[Saved entries]
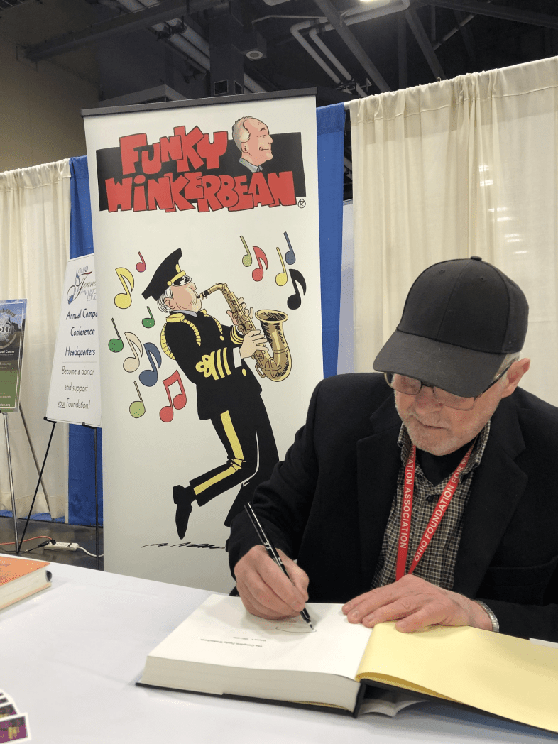 Still here? Okay, then this is partly on you. [So sue me, this self-deprecating humor is actually working for me. I’ll take this.] My first bit of ”news” is that a few weeks ago I did my initial 2024 book signing for The Complete Funky Winkerbean Vol.13 at the Ohio Music Educators Conference.
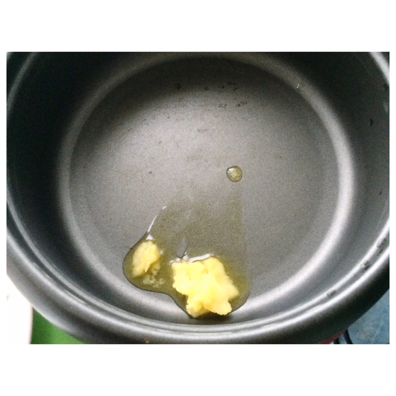 เราจะมาตั้งกระทะให้ร้อนก่อนนะคะ จากนั้นใส่เนยจืดลงไป
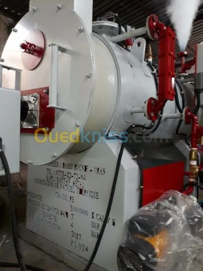 مولّد بخار (chaudière) يحتوي على خزان ماء يتم تسخينه لإنتاج البخار بضغط عالٍ. تُستخدم هذه الآلة لتوفير بخار م�
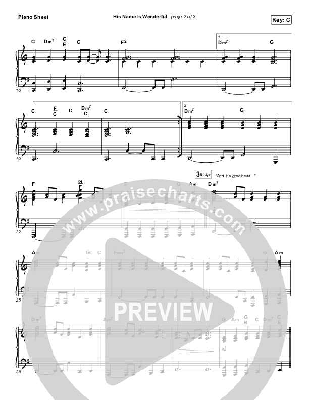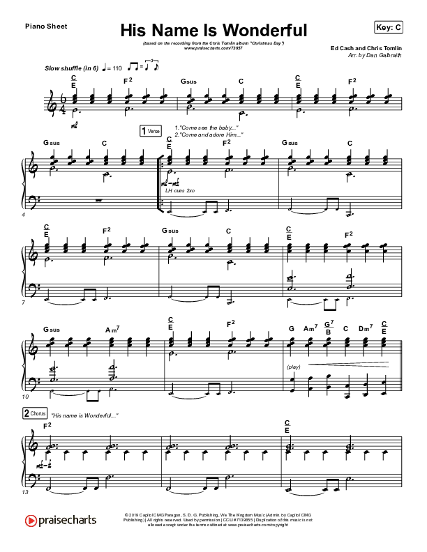Download the piano sheet for His Name Is Wonderful by Chris Tomlin, from the album Christmas Day: Christmas Songs Of Worship. This song was arranged by Daniel Galbraith in the key of A, Bb, C, F.
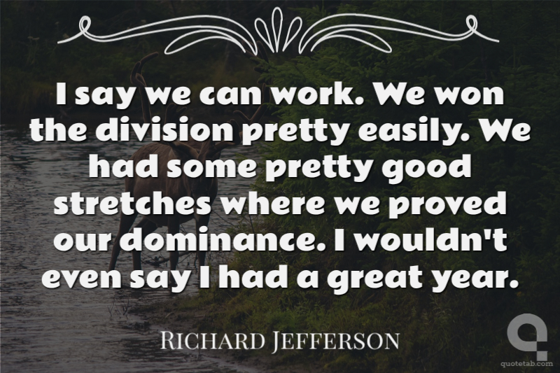 I say we can work. We won the division pretty easily. We had some pretty good stretches where we proved our dominance. I wouldn't even say I had a great year.
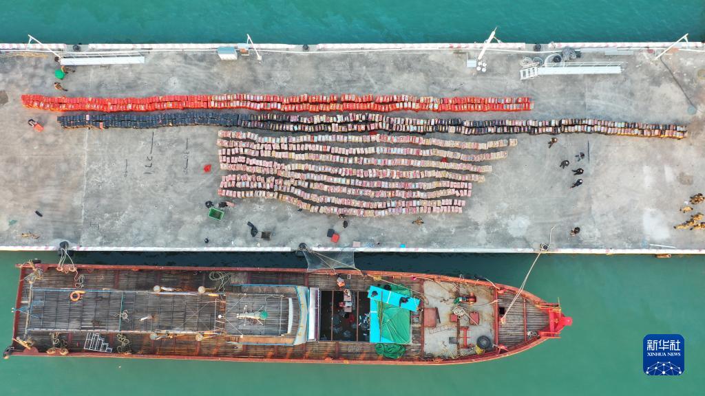 这是海警查获的走私香烟与涉案船只(2020年12月31日摄,无人机照片)。新华社发
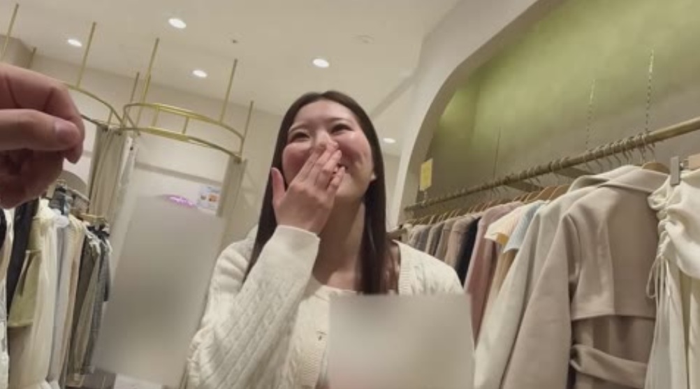 とりあえず服のサイズを聞きまして、服を見てくれる時に隙を見せてくれたので優しくそっと差し込み。
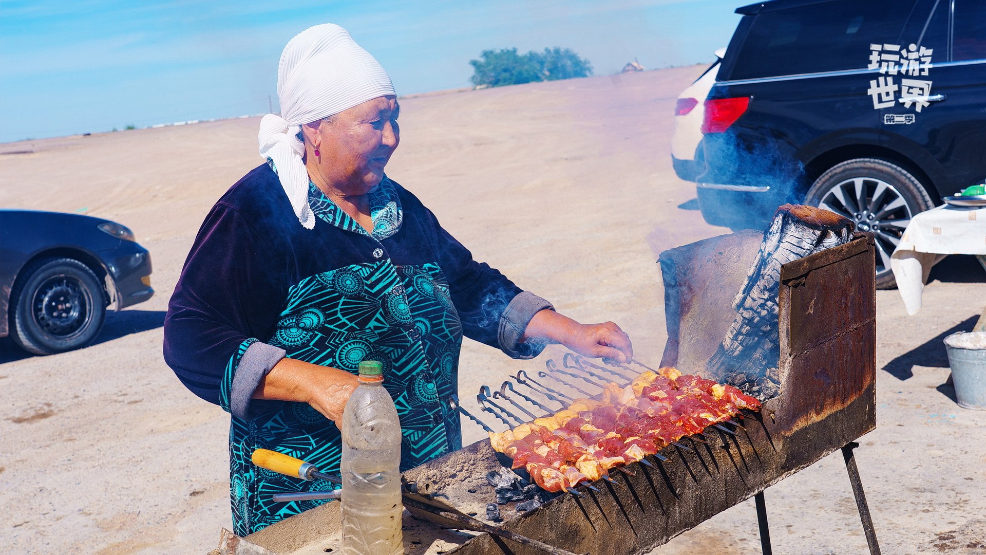 又比如,在路上我们还会看到不少的人文景象,让我们忍不住驻足交谈,虽然语言可能不通,但心灵的感应不分国界。可能是在半路的小餐馆遇上烤羊肉串的大娘,可能是在休息区遇到同样在狂奔的旅人,可能是好奇豪车队或中国牌的异国路人甲乙丙丁,等等。
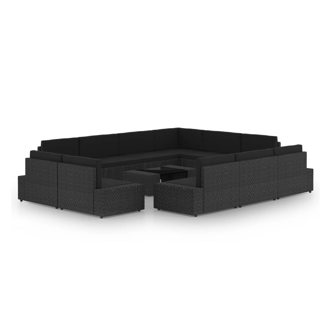 Salon de jardin 12 pcs avec coussins Noir Résine tressée
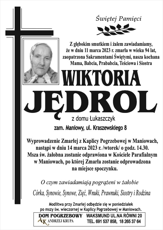 Wiktoria Jędrol - Nekrologi - podhale24.pl
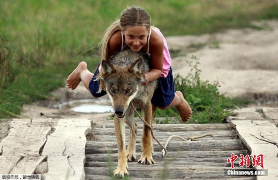 原标题:另类俄罗斯家庭将狼作为宠物 10岁女孩骑狼狂奔
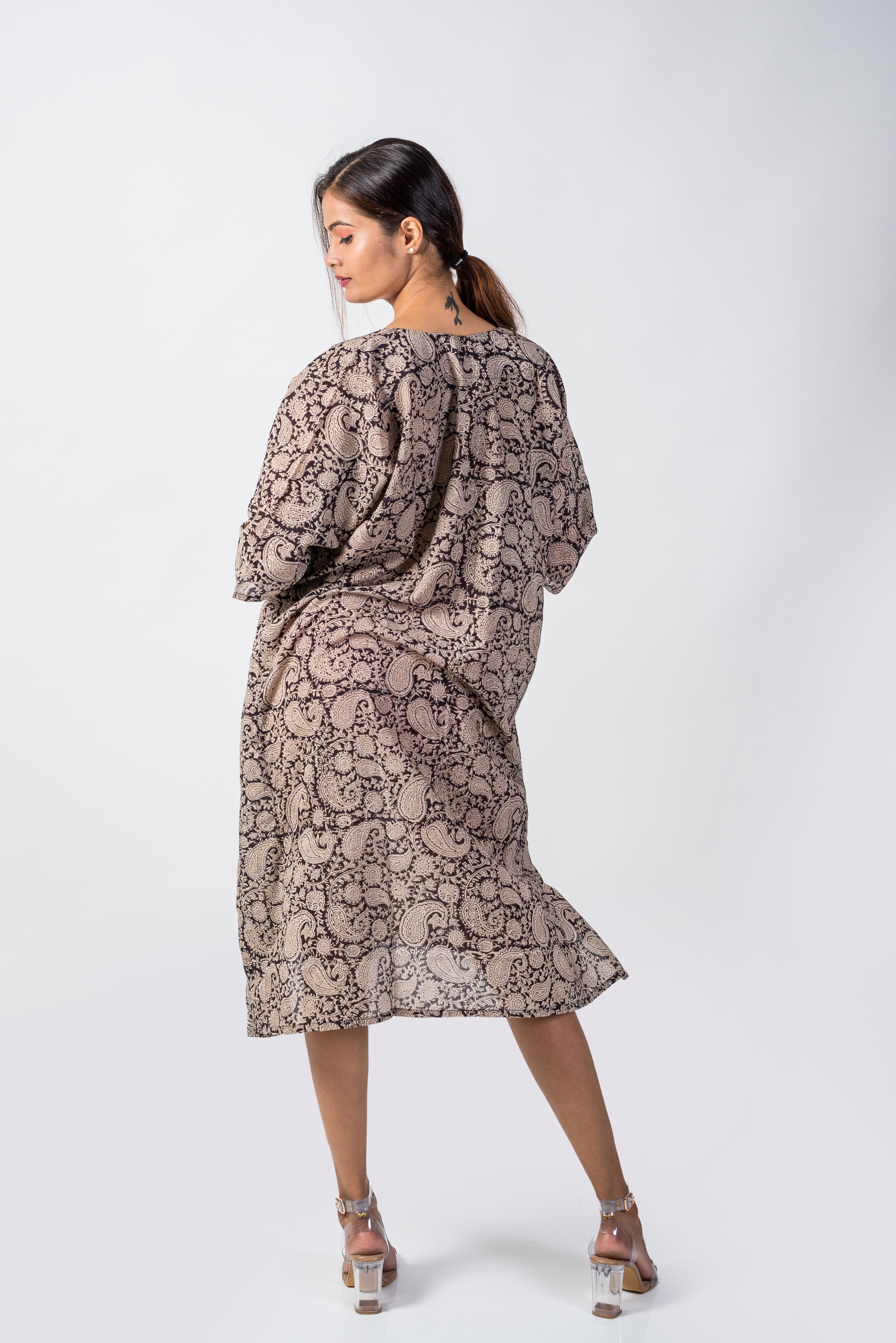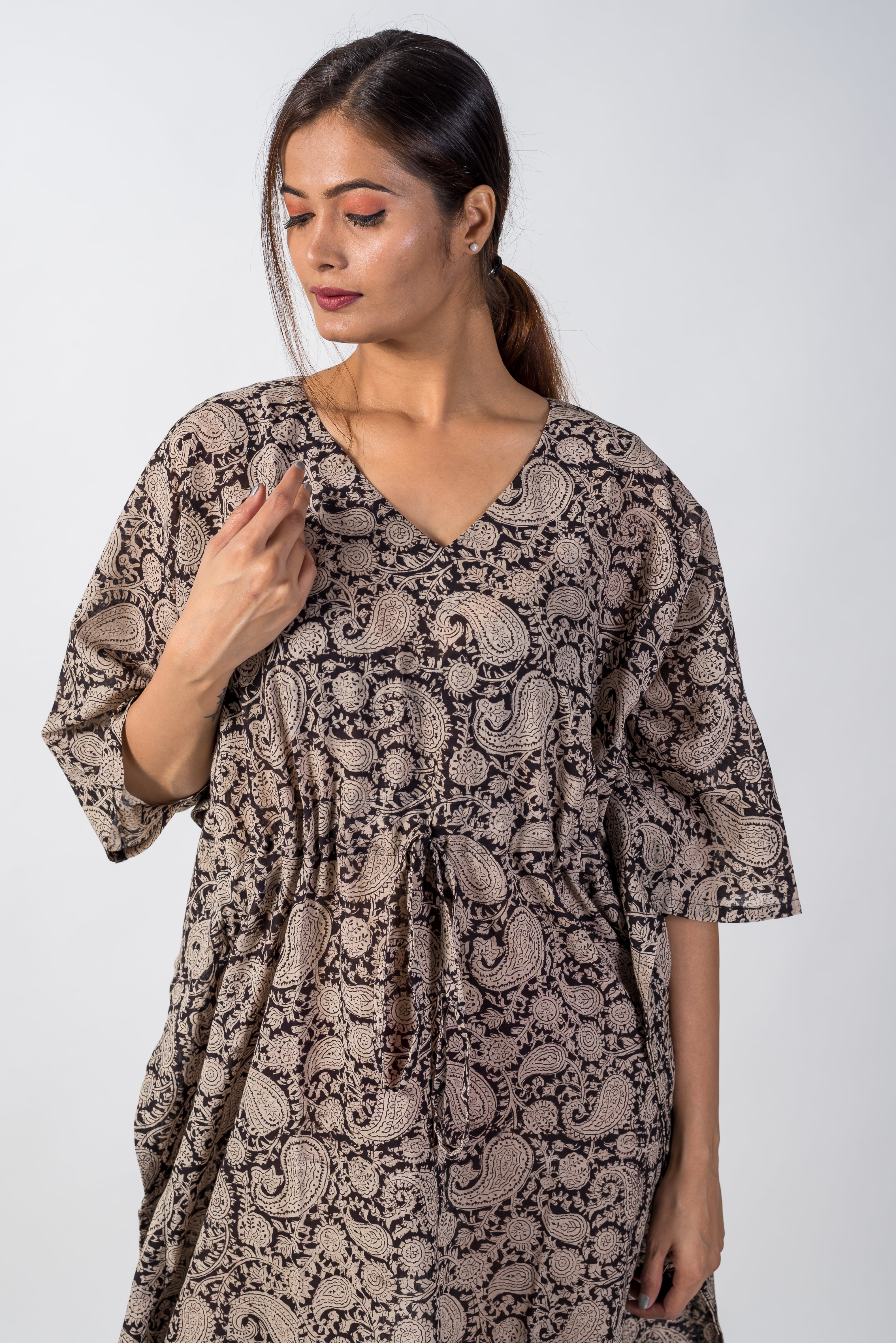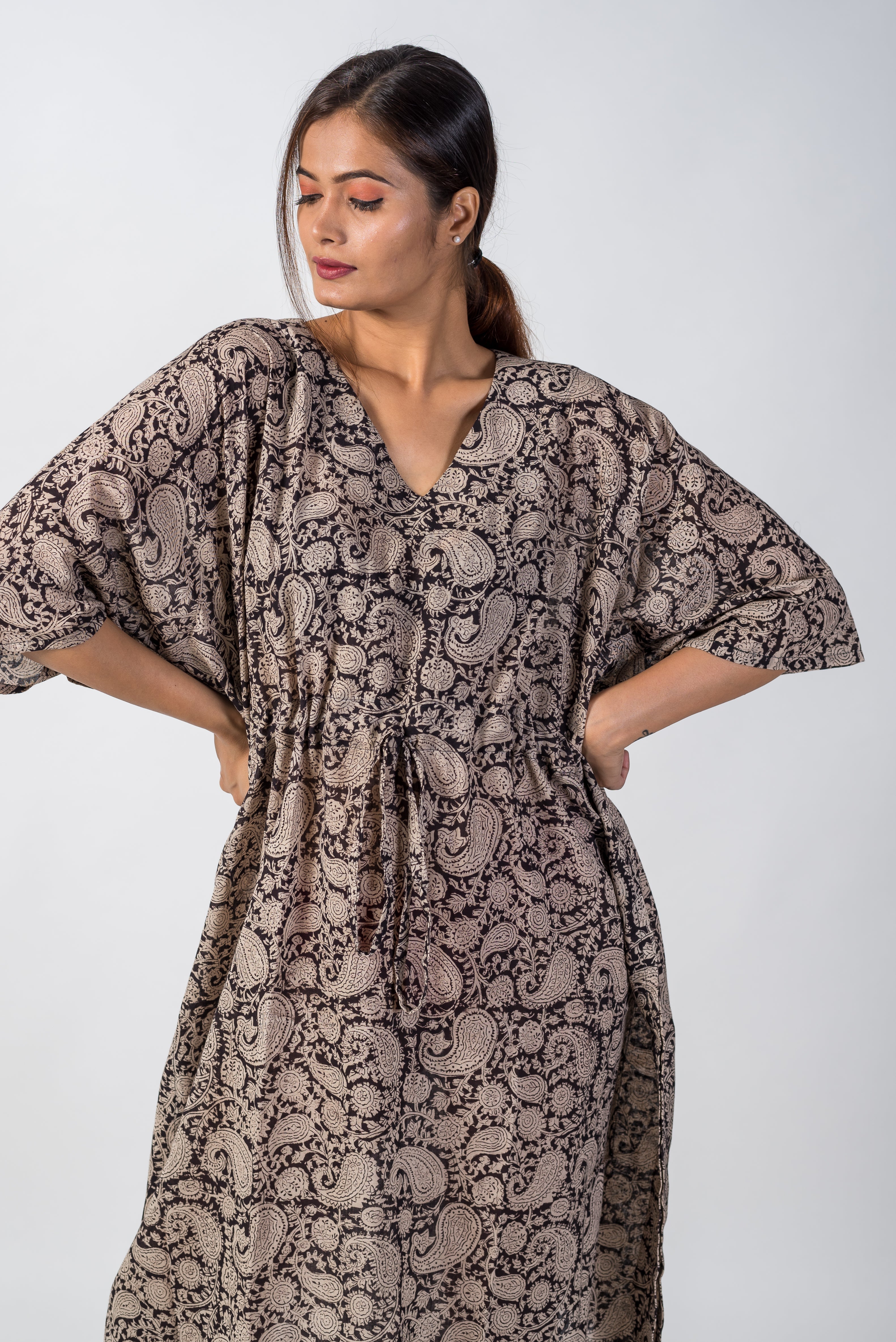 Wear this romantic free size kaftan at a restaurant or at the beach. extremely soft cotton calf length kaftan is a treat to your body and soul.
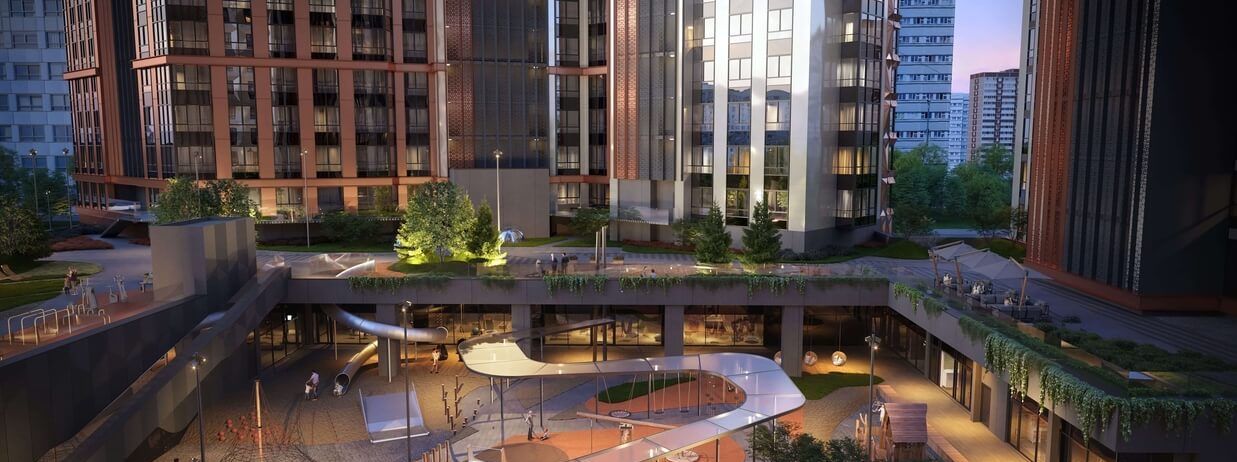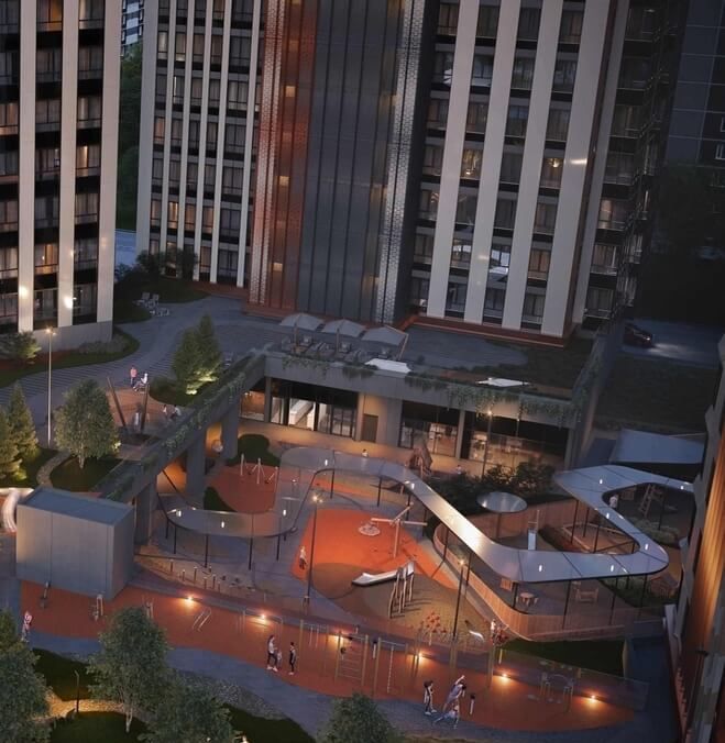 Инфраструктура: в каждом подъезде есть колясочная, скоростные лифты, в гранд-лобби консьерж-сервис, есть две комнаты для переговоров, теплая детская площадка и коворкинг. Двухуровневый двор с спортивной площадкой, частный детский сад и игровые площадки для детей разного возраста, площадка для йоги и подвесные качели. По всему ЖК видеонаблюдение, со временем подключат бесключевой доступ в подъезд.

**Requirement**
Look above for the line with "مولّد بخار (chaudière)", then print it and each line after it down to and including the line with "Wear this romantic". Leave out the pictures and keep the wording exact.

**Result for this task**
 مولّد بخار (chaudière) يحتوي على خزان ماء يتم تسخينه لإنتاج البخار بضغط عالٍ. تُستخدم هذه الآلة لتوفير بخار م�
Download the piano sheet for His Name Is Wonderful by Chris Tomlin, from the album Christmas Day: Christmas Songs Of Worship. This song was arranged by Daniel Galbraith in the key of A, Bb, C, F.
 I say we can work. We won the division pretty easily. We had some pretty good stretches where we proved our dominance. I wouldn't even say I had a great year.
 这是海警查获的走私香烟与涉案船只(2020年12月31日摄,无人机照片)。新华社发
 とりあえず服のサイズを聞きまして、服を見てくれる時に隙を見せてくれたので優しくそっと差し込み。
 又比如,在路上我们还会看到不少的人文景象,让我们忍不住驻足交谈,虽然语言可能不通,但心灵的感应不分国界。可能是在半路的小餐馆遇上烤羊肉串的大娘,可能是在休息区遇到同样在狂奔的旅人,可能是好奇豪车队或中国牌的异国路人甲乙丙丁,等等。
 Salon de jardin 12 pcs avec coussins Noir Résine tressée
 Wiktoria Jędrol - Nekrologi - podhale24.pl
 原标题:另类俄罗斯家庭将狼作为宠物 10岁女孩骑狼狂奔
 Wear this romantic free size kaftan at a restaurant or at the beach. extremely soft cotton calf length kaftan is a treat to your body and soul.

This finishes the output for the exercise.